LEONARDO SINISGALLI, “Mi ricorderò di quest’autunno”

Mi ricorderò di questo autunno splendido e fuggitivo dalla luce migrante, curva al vento sul dorso delle canne. La piena dei canali è salita alla cintura e mi ci sono immerso disseccato dalla siccità. Quando sarò con gli amici nelle notti di città farò la storia di questi giorni di ventura, di mio padre che a pestar l'uva s'era fatti i piedi rossi, di mia madre timorosa che porta un uovo caldo nella mano ed è più felice d'una sposa. Mio padre parlava di quel ciliegio piantato il giorno delle nozze, mi diceva, quest'anno non ha avuto fioritura, e sognava di farne il letto nuziale a me primogenito. Il vento di tramontana apriva il cielo al quarto di luna. La luna coi corni rosei, appena spuntati, di una vitella! Domani si potrà seminare, diceva mio padre. Sul palmo aperto della mano guardavo i solchi chiari contro il fuoco, io sentivo scoppiare il seme nel suo cuore, io vedevo nei suoi occhi fiammeggiare la conca spigata.

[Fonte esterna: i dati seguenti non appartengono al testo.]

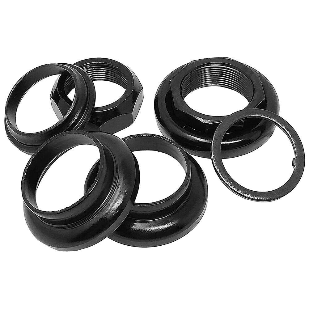 Set completo di serie sterzo per biciclette in colore nero, creato con una lavorazione eccellente, garantisce una superficie liscia e si adatta perfettamente alle bici. Composto in lega di acciaio, a prova di ruggine e resistente all'usura. Comodo e portatile risulta essere un ottimo pezzo di ricambio per la tua bicicletta. Il design presenta un colore brillante, design raffinato, aspetto elegante, ottima resistenza all'usura da agenti atmosferici. Il set comprende tutti i pezzi perla corretta installazione ed uso. Dimensioni: 1''pollice ( dado di chiusura da 30 mm e diametro del filetto 24, 6 mm)
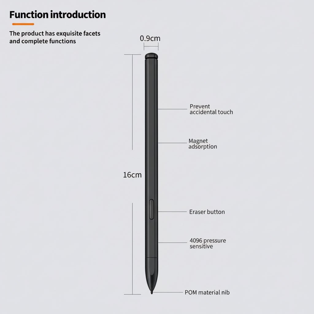 قلم احترافي بدون بطارية، حساس للضغط (4096 مستوى)، مع رأس POM عالي الجودة وميزة Palm Rejection.
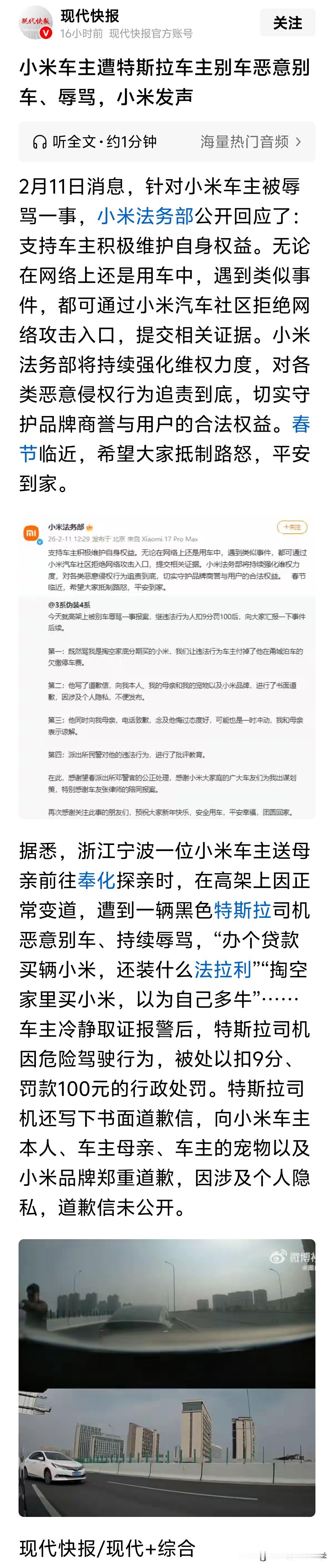 车主取证报警,特斯拉司机因危险驾驶行为,被罚款100元、扣9分,并向小米车主、家人、小米品牌道歉。
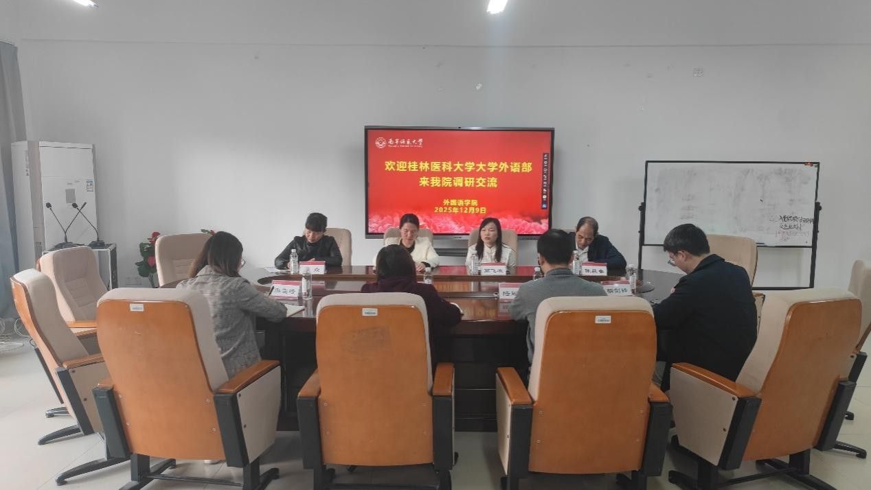 蒙岚副院长首先对来访团队致以热烈欢迎,高飞雁副院长和梁雪清主任分别介绍了各自学校的大学英语教学概况。会上,我院大外第一教研室负责人陈晨春老师从我校大学英语历年教学改革发展举措提出了现实思考,桂林医科大学的陆耀雁、廖雯琦、胡剑锋三位教研室负责人纷纷就大学英语课程设置、教学改革前景等方面与我院老师进行深入探讨。
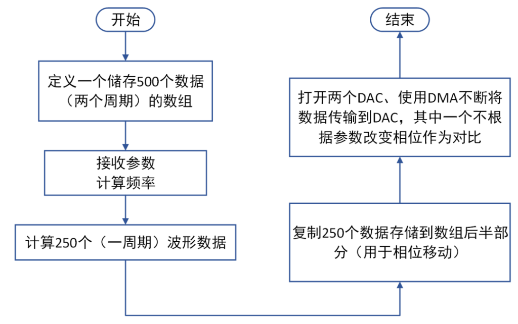 调用此函数时需要传递相应参数,函数会计算出两个周期的数据点,然后经过DMA将数据快速传入DAC,从而可输出不间断的波形。

Commento Il componimento è ispirato ad un breve soggiorno che Sinisgalli fece a Montemurro, quando già da tempo si era trasferito stabilmente a Milano. Ha superato la soglia dei cinquant’anni quando scrive questi versi: il tempo che sembra avere perso di valore è una fuga di giorni da togliere il fiato, è un arco che allontana la memoria, la buona memoria dell’infanzia e dell’adolescenza, della gioventù descritta nella poesia. Diventa amaro allora volgersi indietro, ritrovare quel torrente della Lucania che apriva la strada al sogno di bambini, che spalancava regni fiabeschi nelle campagne potentine. Ora il guado è un altro, altra è la frontiera da passare: quella di un viaggio verso un mondo ignoto.